→ **Exercise brief**
Set down exactly the lines below, starting at the one that contains "タラのバター醤油焼き、凍り豆" and ending at the one that contains "T-shirt z prążkowanym", with both of those lines included and nothing else.

→ **Source information**
┄┄┄┄┄┄┄┄┄┄

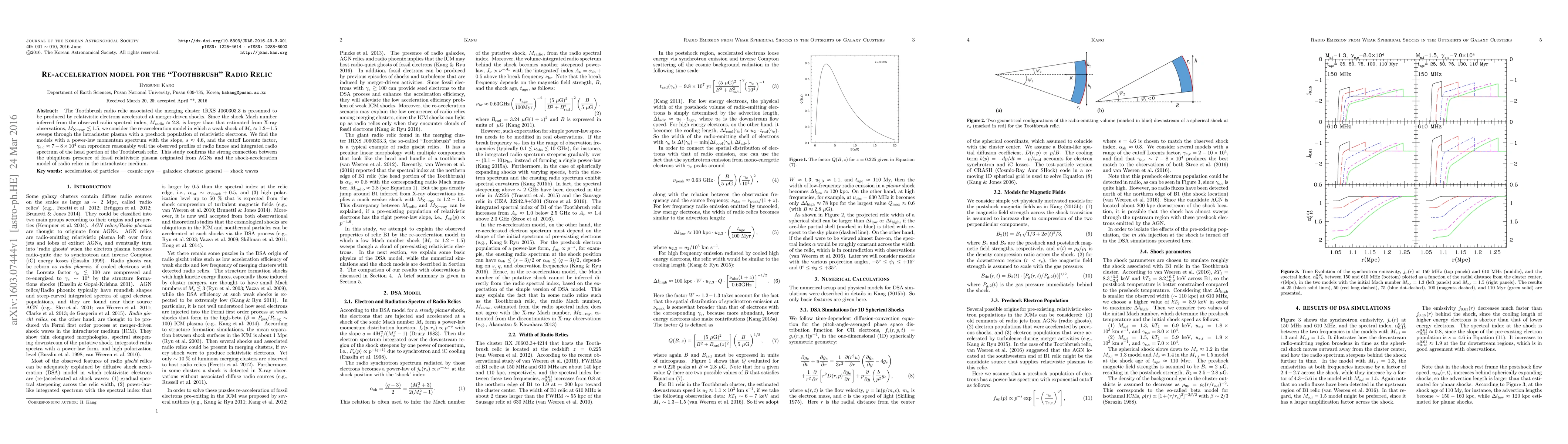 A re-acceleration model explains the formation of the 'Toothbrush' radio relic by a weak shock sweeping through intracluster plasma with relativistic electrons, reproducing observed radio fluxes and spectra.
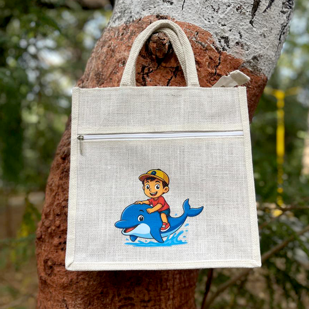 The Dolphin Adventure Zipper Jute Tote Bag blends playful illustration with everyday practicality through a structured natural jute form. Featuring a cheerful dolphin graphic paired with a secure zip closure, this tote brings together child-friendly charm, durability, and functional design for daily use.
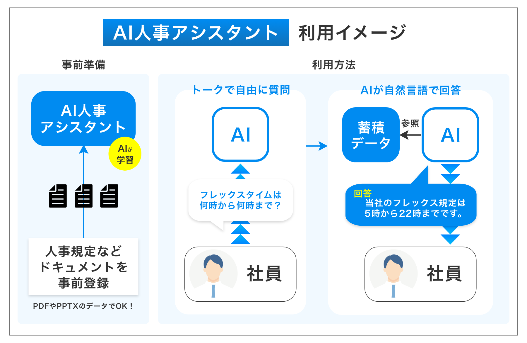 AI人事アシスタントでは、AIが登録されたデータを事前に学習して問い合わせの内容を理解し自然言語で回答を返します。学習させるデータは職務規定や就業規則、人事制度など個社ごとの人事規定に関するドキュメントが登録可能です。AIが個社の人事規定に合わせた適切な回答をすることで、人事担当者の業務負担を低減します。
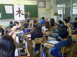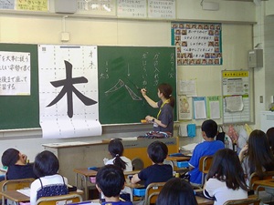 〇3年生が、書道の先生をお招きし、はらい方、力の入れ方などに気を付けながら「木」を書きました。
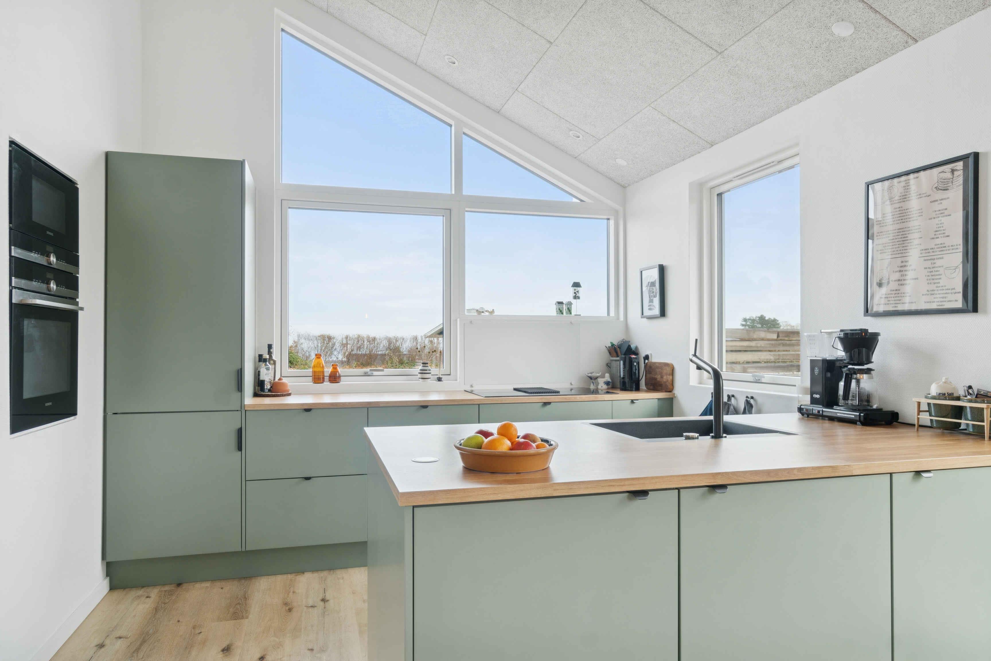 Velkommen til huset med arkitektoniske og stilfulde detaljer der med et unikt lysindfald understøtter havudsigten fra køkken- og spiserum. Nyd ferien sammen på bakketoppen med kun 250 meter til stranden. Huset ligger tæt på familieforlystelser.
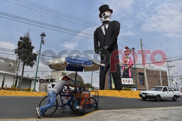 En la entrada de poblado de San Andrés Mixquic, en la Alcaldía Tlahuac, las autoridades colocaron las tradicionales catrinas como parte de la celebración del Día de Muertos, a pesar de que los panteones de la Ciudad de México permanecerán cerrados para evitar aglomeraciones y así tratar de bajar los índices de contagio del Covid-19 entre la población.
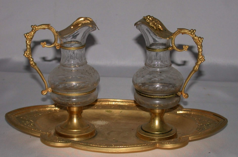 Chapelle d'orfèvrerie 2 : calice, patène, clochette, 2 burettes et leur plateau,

┄┄┄┄┄┄┄┄┄┄

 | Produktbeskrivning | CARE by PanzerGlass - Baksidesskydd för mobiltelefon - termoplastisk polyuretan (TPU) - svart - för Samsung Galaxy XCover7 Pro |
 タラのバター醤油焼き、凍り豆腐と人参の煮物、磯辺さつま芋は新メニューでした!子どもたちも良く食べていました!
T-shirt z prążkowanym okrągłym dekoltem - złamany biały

┄┄┄┄┄┄┄┄┄┄

→ **Response to this task**
 タラのバター醤油焼き、凍り豆腐と人参の煮物、磯辺さつま芋は新メニューでした!子どもたちも良く食べていました!
T-shirt z prążkowanym okrągłym dekoltem - złamany biały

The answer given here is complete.